- Parham Location within Uttar Pradesh Parham Location within India
- Coordinates: 27°19′04″N 78°40′01″E﻿ / ﻿27.31778°N 78.66694°E
- Country: India
- State: Uttar Pradesh
- District: Firozabad
- Tehsil: Jasrana
- Elevation: 166 m (545 ft)

Population (2011)
- • Total: 19,642
- Time zone: UTC+5:30 (IST)
- PIN: 205130

= Parham, Uttar Pradesh =

Village in Uttar Pradesh, India

Parham is a village in Jasrana Tehsil, Firozabad District, Uttar Pradesh, India. As of the year 2011, it has a population of 19,642.

== Geography ==
Parham is located at the south of Arind River, approximately 32 kilometres northeast of the district capital Firozabad, and 9 kilometres north of the subdistrict capital Jasrana. Shikohabad Road passes through the east of the town. The average elevation of the village is at 166 metres above the sea level.

== Climate ==
Parham has a Humid Subtropical Climate (Cwa).
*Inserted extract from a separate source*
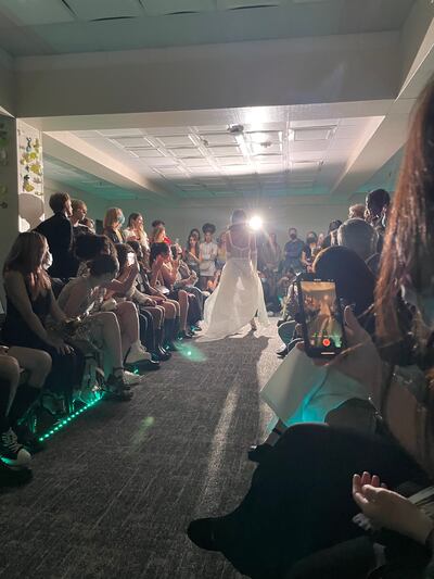 As a member of a fashion club on campus called Bloom, Bakke upcycled pieces before but never created a full outfit. Bakke was able to create two looks for the show, including an all-white dress with reflective metal plating reminiscent of armor.

It receives the most rainfall in July, with on average 256 mm of precipitation; and the least rainfall in November, with 6 mm of precipitation.

Climate data for Parham
| Month | Jan | Feb | Mar | Apr | May | Jun | Jul | Aug | Sep | Oct | Nov | Dec | Year |
| Mean daily maximum °C (°F) | 20.6 (69.1) | 24.4 (75.9) | 30.8 (87.4) | 37.3 (99.1) | 39.8 (103.6) | 37.9 (100.2) | 33 (91) | 31.8 (89.2) | 31.9 (89.4) | 31.8 (89.2) | 27.7 (81.9) | 22.7 (72.9) | 30.8 (87.4) |
| Daily mean °C (°F) | 14.1 (57.4) | 17.7 (63.9) | 23.5 (74.3) | 29.8 (85.6) | 32.9 (91.2) | 32.9 (91.2) | 29.5 (85.1) | 28.4 (83.1) | 27.8 (82.0) | 25.6 (78.1) | 20.9 (69.6) | 15.8 (60.4) | 24.9 (76.8) |
| Mean daily minimum °C (°F) | 8.1 (46.6) | 11.2 (52.2) | 16 (61) | 21.7 (71.1) | 25.8 (78.4) | 27.8 (82.0) | 26.5 (79.7) | 25.7 (78.3) | 24.1 (75.4) | 19.4 (66.9) | 14.5 (58.1) | 9.6 (49.3) | 19.2 (66.6) |
| Average rainfall mm (inches) | 17 (0.7) | 22 (0.9) | 12 (0.5) | 9 (0.4) | 12 (0.5) | 91 (3.6) | 256 (10.1) | 236 (9.3) | 125 (4.9) | 20 (0.8) | 6 (0.2) | 10 (0.4) | 816 (32.3) |
Source: Climate-Data.org

== Demographics ==
As per the 2011 Indian Census, Parham has 3,180 households and 19,642 residents. Out of the total population, 10,505 are male and 9,137 are female. The total literacy rate is 59.6%, with 7,159 of the male population and 4,548 of the female population being literate. The census location code of the village is 125747.